Even as I begin to write this blog, I can feel a swell of emotion. With exception of Allah Almighty, everything begins and must have an end. My time at PACT is almost complete. It has been a privilege and an honour to lead Prince Albert Primary as its Headteacher and then the PACT as CEO. It felt surreal sitting on an aeroplane having been offered a job in Dubai. Since saying yes, I am awash with emotion, reflection and it has to be said, anticipation of loss of one of the great loves of my life – this job. It is a decision I didn’t have to make, a job I didn’t have to leave, so why? Why at this crucial stage of the Trust’s development; with PA High only in its second year, with schools about to join am I walking away. Why am I leaving the communities I have served for nearly 25 years at a time of great challenge? And why indeed is the move to a prestigious fee paying school half way around the world?
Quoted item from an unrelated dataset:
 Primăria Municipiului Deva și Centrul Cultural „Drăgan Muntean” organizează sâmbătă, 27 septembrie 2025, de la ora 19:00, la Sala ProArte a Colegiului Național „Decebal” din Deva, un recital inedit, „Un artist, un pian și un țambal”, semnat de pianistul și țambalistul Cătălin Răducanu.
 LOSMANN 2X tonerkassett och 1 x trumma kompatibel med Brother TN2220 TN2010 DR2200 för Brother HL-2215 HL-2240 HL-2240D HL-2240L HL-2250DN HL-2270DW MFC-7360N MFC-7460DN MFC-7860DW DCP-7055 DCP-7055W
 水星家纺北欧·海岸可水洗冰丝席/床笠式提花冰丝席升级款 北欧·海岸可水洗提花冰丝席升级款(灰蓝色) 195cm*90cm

All good, perfectly reasonable questions that I have been grappling with for many months and not just to have answers when they are inevitably asked by friends and colleagues.

Having thought about and reflected on whether to leave or stay I have reached some conclusions to satisfy myself that this is the right thing to do both for myself, my family and for PACT. A hallmark of effective leadership and a healthy organisation is that its success is not contingent on the person leading. I’m no Liverpool fan but arguably the most successful manager in the club’s history was Bob Paisley. Bill Shankly built the club, gave it unprecedented success but those who followed made it even more successful. Not wanting to upset any Manchester United fans, Matt Busby and Alex Ferguson left very different legacies. Both hugely successful leaders but their departures led to a significant decline in the club’s fortunes.
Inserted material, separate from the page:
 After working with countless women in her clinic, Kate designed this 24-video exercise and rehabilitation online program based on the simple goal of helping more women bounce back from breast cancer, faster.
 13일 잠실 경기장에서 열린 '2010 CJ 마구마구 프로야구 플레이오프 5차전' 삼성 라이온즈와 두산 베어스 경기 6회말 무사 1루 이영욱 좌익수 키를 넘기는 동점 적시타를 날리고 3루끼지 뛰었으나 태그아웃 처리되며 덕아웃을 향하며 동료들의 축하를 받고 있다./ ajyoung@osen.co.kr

PACT will continue to grow and thrive without me. The Trust under the leadership of Philipa Sherlock-Lewis (more about her later) will continue to be limitless in its ambition for both the pupils and the staff. It will continue to strive for excellence and to smash glass ceilings for underserved communities.

I have served underserved communities in inner-city Birmingham for a quarter of a century. I have led transformation in failing schools, I have inspired and motivated people to be better and to achieve more than they thought they could be. At Prince Primary, as a headteacher I led perhaps the very best school I have ever known. I dreamt of an extra-ordinary secondary school serving my community with the aim completely flipping conventions of what should be expected of and achieved by young people from our community. That school is alive and kicking and achieving the paradigm shift that I dreamed of. I am satisfied that I have made the difference I set out to make when I started my teaching career – in fact I could not have imagined then, the difference I would make.

None of what I have achieved as leader could have been possible without my mum’s prayers and my wife’s unwavering support. And not least because of the wonderful colleagues I have been blessed to work with, particularly since becoming a headteacher in 2009. The one person who has been by my side throughout, has understood me, helped me encouraged me and inspired me is my deputy, Phillipa Sherlock-Lewis. There is no better person in the world than Phillipa to lead PACT

after me. She understands the organisation better than anyone, she believes in the purpose and ambition as strongly as I do. She has been a driving force in PACT’s success from the very beginning. In a world that is fundamentally inequitable, in a sector in which there is still too much prejudice, she has been the greatest of allies. We simply could not have done it without her.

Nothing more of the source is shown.